September 2021 could be a good time to focus on ASX growth shares. Reporting season has just finished and there may be opportunities.

September 2021 could be a good time to focus on ASX growth shares. Reporting season has just finished and we’ve had a good look at the results.

The last month has given investors insights into how businesses have performed, as well as the outlook.

A share price can decline and be expensive. Share prices can also rise and be good value.

After seeing their results, share prices and current trading conditions, I think these ASX growth shares might be opportunities:

Adore Beauty Group Ltd (ASX: ABY)

Adore Beauty is a leading online retailer of thousands of different beauty products from hundreds of different brands.

It reported in FY21 that it saw record revenue, profit and customer numbers. Revenue outperformed guidance, rising 48% to $179.3 million. Active customers rose 39% to 818,000 whilst returning customer growth was 64%.

Profit margins increased, with the gross profit margin increasing by 1.2 percentage points to 33.1% thanks to product margin expansion. The ASX growth share saw EBITDA (EBITDA explained) grow faster than revenue, increasing by 53% to $7.6 million despite the heavy investing for growth.

Adore Beauty is looking to capitalise on the structural shift to online channels. The annual revenue per active customer went up 7% to $219, driven by strong customer retention and increasing average order value. This shows that each customer is becoming more valuable, which should help grow margins over time.

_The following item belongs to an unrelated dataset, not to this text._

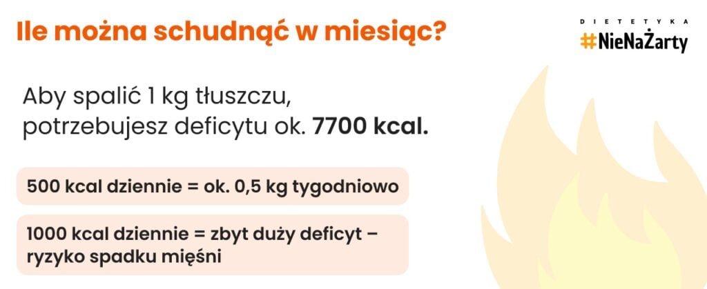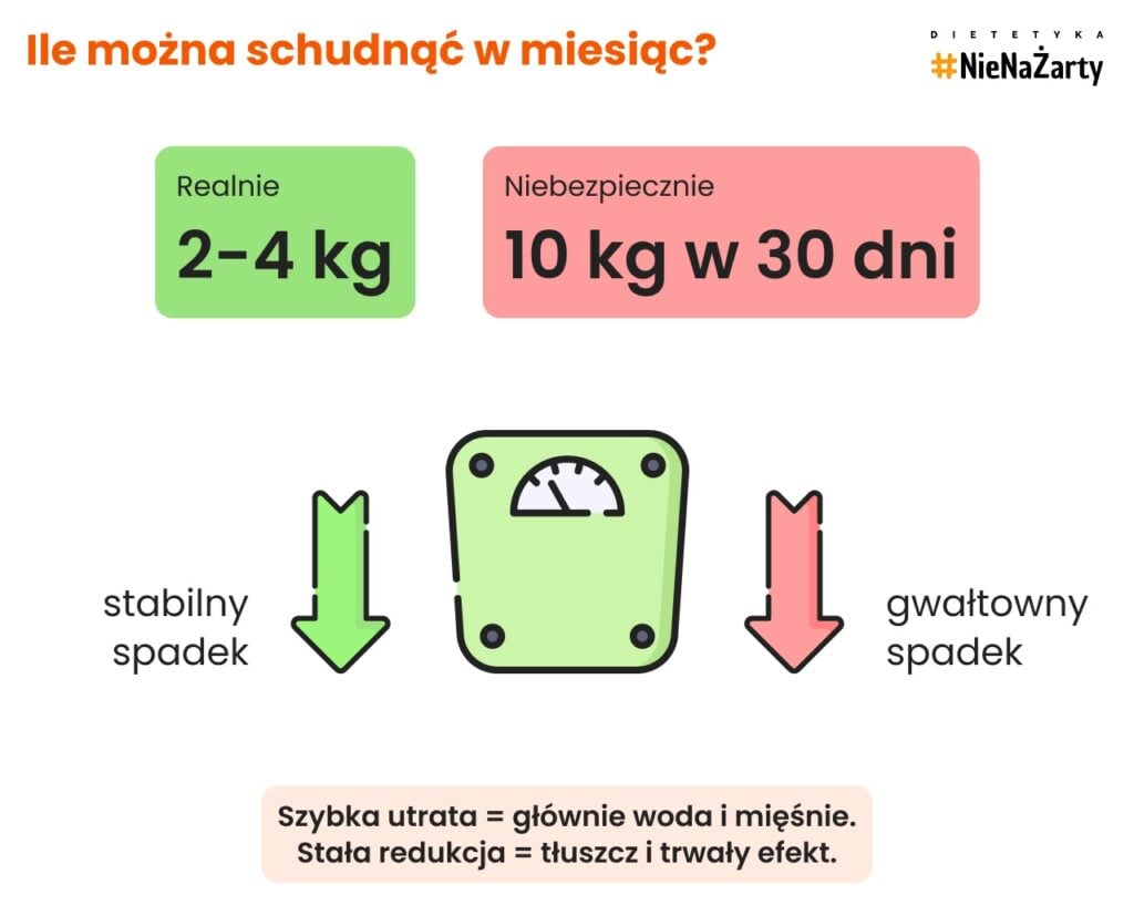- Realne tempo redukcji to 0,5–1 kg tygodniowo, czyli około 2–4 kg w miesiąc. Takie tempo pozwala spalać głównie tkankę tłuszczową, a nie mięśnie czy wodę.

FY22 revenue is up 26% in the year to date. Adore Beauty is going to invest heavily to achieve growth and profit margin expansion will come in a few years after capturing more of the opportunity that awaits.

Bapcor Ltd (ASX: BAP)

The Bapcor share price has dropped 13% over the last month. Lockdowns in Australia’s two most populous cities aren’t helping things. Bapcor has also temporarily halted its network expansion in Asia because of COVID-19 impacts and restrictions.

However, I think that any downturn may be short lived. Asia is a huge potential market for Bapcor and management will want to get on with growing there once the company will benefit from having more outlets that can be open.

The ASX growth share has done a lot on work on its supply chain and efficiencies, which should help the long-term profit margins.

Retail demand may not be as strong in FY22 compared to the prior year (retail revenue grew 26.1% in FY21), but Bapcor can re-invest the profit it made across the business in FY21 to grow its networks of Bursons, Autobarns, truck parts and so on.

I think the longer-term for Bapcor looks good, particularly if it can keep increasing its profit margins. Using the CommSec data, Bapcor is currently priced at 18 times the estimated earnings for the 2023 financial year.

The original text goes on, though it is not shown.